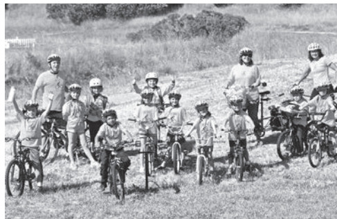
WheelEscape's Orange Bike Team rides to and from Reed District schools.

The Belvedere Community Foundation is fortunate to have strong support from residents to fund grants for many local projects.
#####
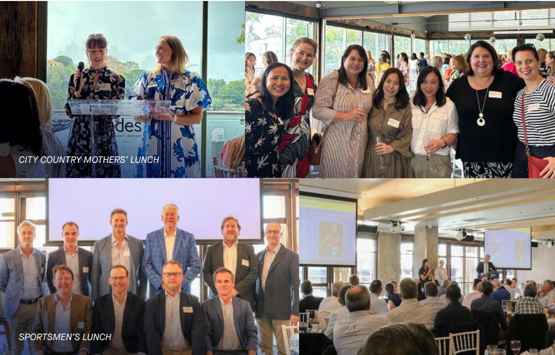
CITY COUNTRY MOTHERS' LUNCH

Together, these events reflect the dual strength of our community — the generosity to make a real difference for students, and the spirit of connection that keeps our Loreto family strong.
#####
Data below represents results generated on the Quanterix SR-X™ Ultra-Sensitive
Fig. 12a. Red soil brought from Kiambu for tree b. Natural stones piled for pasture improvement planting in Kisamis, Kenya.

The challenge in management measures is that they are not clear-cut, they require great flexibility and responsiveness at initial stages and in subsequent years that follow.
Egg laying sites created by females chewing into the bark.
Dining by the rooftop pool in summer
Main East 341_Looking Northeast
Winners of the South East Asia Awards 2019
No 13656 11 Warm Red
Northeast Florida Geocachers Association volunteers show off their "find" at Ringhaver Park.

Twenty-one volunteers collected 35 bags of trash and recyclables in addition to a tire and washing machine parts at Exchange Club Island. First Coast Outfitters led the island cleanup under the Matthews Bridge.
#####
#### [About this exercise]
Each line above that contains the string "Northeast" should be identified and copied.

#### [Response to this task]
Main East 341_Looking Northeast
Northeast Florida Geocachers Association volunteers show off their "find" at Ringhaver Park.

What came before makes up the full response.